L’organisation écologiste WWF-France n’hésite pas à comparer la pollution du Rhône aux PCB à un «nouveau Tchernobyl» pour alerter les pouvoirs publics. Pernicieux et invisible, ce polluant d’origine industrielle, plus connu sous le nom de pyralène, a été détecté dès 2005 en amont de Lyon.

Aujourd’hui, il est interdit de consommer les poissons du Rhône pêchés depuis l’Ain jusqu’à l’embouchure de la Méditerranée. Selon nos sources, une information judiciaire a été ouverte par le parquet de Lyon en avril après la multiplication de plaintes contre X pour pollution déposées par les collectivités et les associations de l’agglomération lyonnaise. Depuis, la section de recherches de la gendarmerie est chargée d’instruire ce dossier épineux. «L’intérêt est surtout d’éclaircir le débat», souligne un magistrat.

Si beaucoup reconnaissent que la désignation d’un coupable sera difficile -les origines de la pollution étant multiples- ces procédures auront permis d’interpeller l’Etat, resté longtemps silencieux. Mais WWF, qui s’est saisi du dossier fin août, ne veut pas se contenter d’une cartographie de la pollution promise en août par la secrétaire d’Etat UMP à l’Ecologie, Nathalie Kosciusko-Morizet. «On ne mesure pas toutes les conséquences des PCB sur la santé», Cyril Deshayes, responsable du programme Eaux douces au WWF-France.

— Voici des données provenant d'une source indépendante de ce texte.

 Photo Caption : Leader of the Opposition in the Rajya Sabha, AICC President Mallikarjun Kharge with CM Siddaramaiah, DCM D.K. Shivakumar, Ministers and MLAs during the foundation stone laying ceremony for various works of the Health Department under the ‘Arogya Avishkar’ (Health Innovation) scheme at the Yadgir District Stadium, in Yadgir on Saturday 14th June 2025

Pollution du Rhône aux PCB
envoyé par WWF_France

Par endroits, la pollution remonte à plus de vingt ans. Une usine de traitement des PCB, Trédi, basée à Saint-Vulbas (Ain), a par exemple rejeté dans les années 1980 d’importantes quantités de pyralène avec l’autorisation de la préfecture. «Qu’en est-il des familles qui habitent à cet endroit? Et des populations asiatiques, friandes des poissons du Rhône? Il est urgent d’entamer des études épidémiologiques», poursuit-il. Depuis quelques jours, l’association diffuse sur son blog des interviews, «pour soulever les questions trop longtemps étouffées».

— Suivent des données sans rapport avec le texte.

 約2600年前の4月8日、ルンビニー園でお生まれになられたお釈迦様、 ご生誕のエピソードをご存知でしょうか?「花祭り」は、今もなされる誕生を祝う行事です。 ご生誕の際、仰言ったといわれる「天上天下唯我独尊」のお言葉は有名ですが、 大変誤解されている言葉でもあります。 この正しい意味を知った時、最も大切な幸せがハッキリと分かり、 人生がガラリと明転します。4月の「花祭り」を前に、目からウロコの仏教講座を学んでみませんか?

Parmi les témoignages, celui de l’unique pêcheur professionnel de Lyon, qui a cessé son activité depuis deux ans. Cédric Giroud semble amer. Il ne comprend pas pourquoi il a fallu autant de temps pour que les autorités commencent à s’emparer du sujet.
fertilité Les PCB ou polychlorobiphényles, interdits à la vente depuis 1987, peuvent être cancérogènes pour l’homme et ont une série d’effets néfastes chez l’animal, notamment sur la fertilité.